Cumhurbaşkanı Recep Tayip Erdoğan, Türkiye İşveren Sendikaları Konfederasyonu (TİSK) Genel Kurulu’na katılarak bir konuşma yaptı.

Niyet halis olduğunda, yapıcı bir yaklaşım benimsendiğinde, çalışma hayatında çözülemeyecek hiçbir sorun olmadığını hep birlikte gördüklerini kaydeden Cumhurbaşkanı Erdoğan,  "İnşallah önümüzdeki dönemde de aynı anlayışla, beraberce ülkemize daha büyük ve tarihî hizmetler kazandırmayı sürdüreceğiz." şeklinde konuştu.
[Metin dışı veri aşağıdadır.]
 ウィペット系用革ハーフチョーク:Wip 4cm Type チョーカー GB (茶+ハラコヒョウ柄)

Erdoğan, sözlerini şöyle sürdürdü:

"Türkiye'nin, ekonominin tüm alanlarındaki ölçeği, küresel rekabet gücünün bir ifadesi olarak fevkalade yükselmiş, büyümüştür. Makro ekonomik göstergeleri, ülkemizin hangi alanlarda 3 kat, 5 kat, 10 kat büyüdüğünü sizler zaten yakından takip ediyorsunuz. Burada dikkat çekmek istediğim husus, Türkiye'nin bilhassa son 10 yılda maruz kaldığı siyasi ve ekonomik engellemelere, tuzaklara, saldırılara rağmen bölgesel ve küresel liderlik seviyesine ulaşmasıdır.
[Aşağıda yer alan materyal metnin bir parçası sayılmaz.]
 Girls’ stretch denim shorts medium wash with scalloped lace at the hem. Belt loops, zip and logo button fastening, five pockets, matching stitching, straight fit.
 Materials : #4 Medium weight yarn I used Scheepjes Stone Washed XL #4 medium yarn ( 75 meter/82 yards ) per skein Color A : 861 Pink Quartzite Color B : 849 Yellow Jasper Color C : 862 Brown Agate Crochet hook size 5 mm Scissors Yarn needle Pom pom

Asıl hedeflerimize yönelmek için daha büyük atılımlar yapmaya hazırlandığımız bir dönemde ardı ardına yaşadığımız hadiselerin hepsinin de gerisinde ülkemizi belirli bir çizginin altında tutma niyeti vardır. Cumhuriyet tarihi boyunca defalarca tecrübe ettiğimiz bu senaryo, milletimizle birlikte verdiğimiz kararlı mücadele sayesinde ilk defa işe yaramamış, çeyrek asır geriye gidişimizle sonuçlanmamıştır. Bu süreçte elbette bedeller ödedik, kayıplar da verdik. En basitinden dünya milli gelir sıralamasında bugün bulunduğumuz yerin 2 kat üzerinde bir yere ulaşabilecekken biraz daha sabretmek mecburiyetinde kaldık. Gerçi milli gelirin satın alma paritesine göre hesabında 11. sıraya yükseldik. Ama biz bunu yeterli görmüyoruz."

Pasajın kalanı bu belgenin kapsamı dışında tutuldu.